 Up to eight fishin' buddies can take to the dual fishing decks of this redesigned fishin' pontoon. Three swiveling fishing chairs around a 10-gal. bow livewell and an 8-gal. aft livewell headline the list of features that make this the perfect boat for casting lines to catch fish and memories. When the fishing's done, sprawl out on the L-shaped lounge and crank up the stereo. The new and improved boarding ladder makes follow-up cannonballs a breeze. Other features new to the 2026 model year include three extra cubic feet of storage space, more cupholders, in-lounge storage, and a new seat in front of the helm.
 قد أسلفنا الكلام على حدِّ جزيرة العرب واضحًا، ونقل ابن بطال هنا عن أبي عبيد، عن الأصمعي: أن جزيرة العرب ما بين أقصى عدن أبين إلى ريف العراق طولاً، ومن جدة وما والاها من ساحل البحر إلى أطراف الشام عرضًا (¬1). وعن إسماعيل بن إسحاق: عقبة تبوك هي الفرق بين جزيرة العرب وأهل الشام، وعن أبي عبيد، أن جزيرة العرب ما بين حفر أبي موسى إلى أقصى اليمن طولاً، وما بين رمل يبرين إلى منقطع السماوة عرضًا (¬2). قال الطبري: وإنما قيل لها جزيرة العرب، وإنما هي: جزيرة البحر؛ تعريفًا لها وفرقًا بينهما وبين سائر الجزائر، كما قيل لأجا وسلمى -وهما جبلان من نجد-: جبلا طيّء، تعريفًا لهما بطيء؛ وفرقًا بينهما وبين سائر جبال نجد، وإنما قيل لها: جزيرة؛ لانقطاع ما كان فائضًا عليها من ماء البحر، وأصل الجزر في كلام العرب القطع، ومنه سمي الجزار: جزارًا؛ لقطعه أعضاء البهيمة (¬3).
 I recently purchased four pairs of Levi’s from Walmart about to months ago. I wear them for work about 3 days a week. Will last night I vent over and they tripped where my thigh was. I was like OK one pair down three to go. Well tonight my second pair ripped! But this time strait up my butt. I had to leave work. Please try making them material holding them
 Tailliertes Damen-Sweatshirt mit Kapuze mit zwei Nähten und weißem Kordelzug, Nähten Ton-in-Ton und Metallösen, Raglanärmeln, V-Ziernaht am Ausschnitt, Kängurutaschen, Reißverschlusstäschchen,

* * *

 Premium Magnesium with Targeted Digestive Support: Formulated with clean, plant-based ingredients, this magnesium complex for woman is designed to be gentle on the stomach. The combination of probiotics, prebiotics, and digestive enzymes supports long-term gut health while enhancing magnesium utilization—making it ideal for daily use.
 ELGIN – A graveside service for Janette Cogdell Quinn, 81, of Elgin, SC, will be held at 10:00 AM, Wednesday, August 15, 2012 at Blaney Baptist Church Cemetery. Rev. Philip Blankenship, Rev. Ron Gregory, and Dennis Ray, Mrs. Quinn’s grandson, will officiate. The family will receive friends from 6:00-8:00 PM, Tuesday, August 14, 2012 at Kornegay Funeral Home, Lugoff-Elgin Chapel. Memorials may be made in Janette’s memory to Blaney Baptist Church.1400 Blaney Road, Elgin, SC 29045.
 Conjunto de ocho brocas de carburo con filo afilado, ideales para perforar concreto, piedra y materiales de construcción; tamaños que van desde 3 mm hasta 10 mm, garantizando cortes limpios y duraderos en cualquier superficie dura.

==

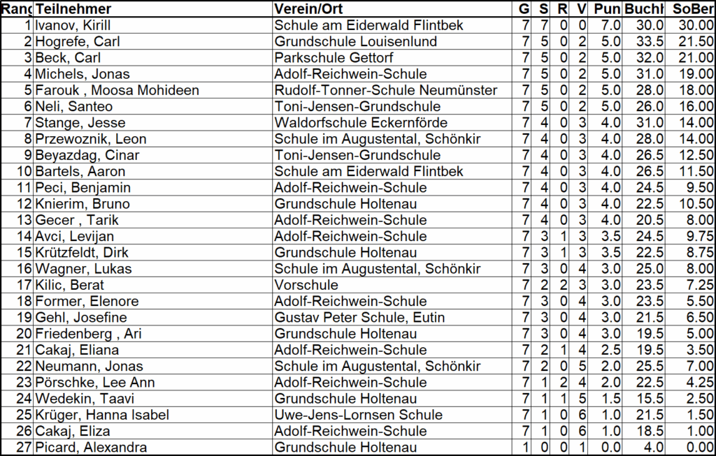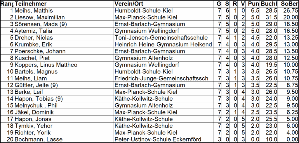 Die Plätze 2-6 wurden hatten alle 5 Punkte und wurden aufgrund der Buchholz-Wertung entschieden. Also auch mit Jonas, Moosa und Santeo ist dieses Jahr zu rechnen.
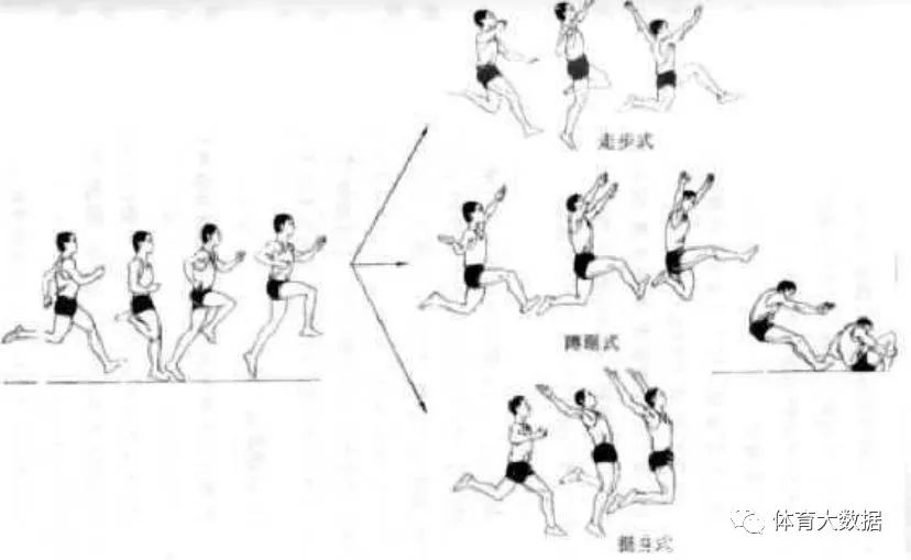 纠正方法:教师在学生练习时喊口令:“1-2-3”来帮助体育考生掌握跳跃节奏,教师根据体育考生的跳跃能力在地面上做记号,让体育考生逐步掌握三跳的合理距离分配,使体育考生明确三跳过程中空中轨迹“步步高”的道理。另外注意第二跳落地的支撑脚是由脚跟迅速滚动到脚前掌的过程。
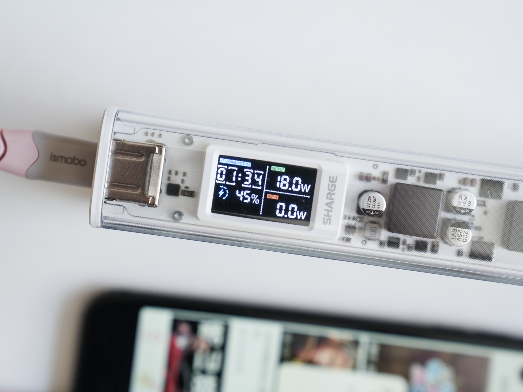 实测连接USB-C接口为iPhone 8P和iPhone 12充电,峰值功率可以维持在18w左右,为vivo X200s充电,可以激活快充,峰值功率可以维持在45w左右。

## WHAT THE TASK REQUIRES
Go through the data and gather every line that holds "making".

## SOLUTION
 I recently purchased four pairs of Levi’s from Walmart about to months ago. I wear them for work about 3 days a week. Will last night I vent over and they tripped where my thigh was. I was like OK one pair down three to go. Well tonight my second pair ripped! But this time strait up my butt. I had to leave work. Please try making them material holding them
 Premium Magnesium with Targeted Digestive Support: Formulated with clean, plant-based ingredients, this magnesium complex for woman is designed to be gentle on the stomach. The combination of probiotics, prebiotics, and digestive enzymes supports long-term gut health while enhancing magnesium utilization—making it ideal for daily use.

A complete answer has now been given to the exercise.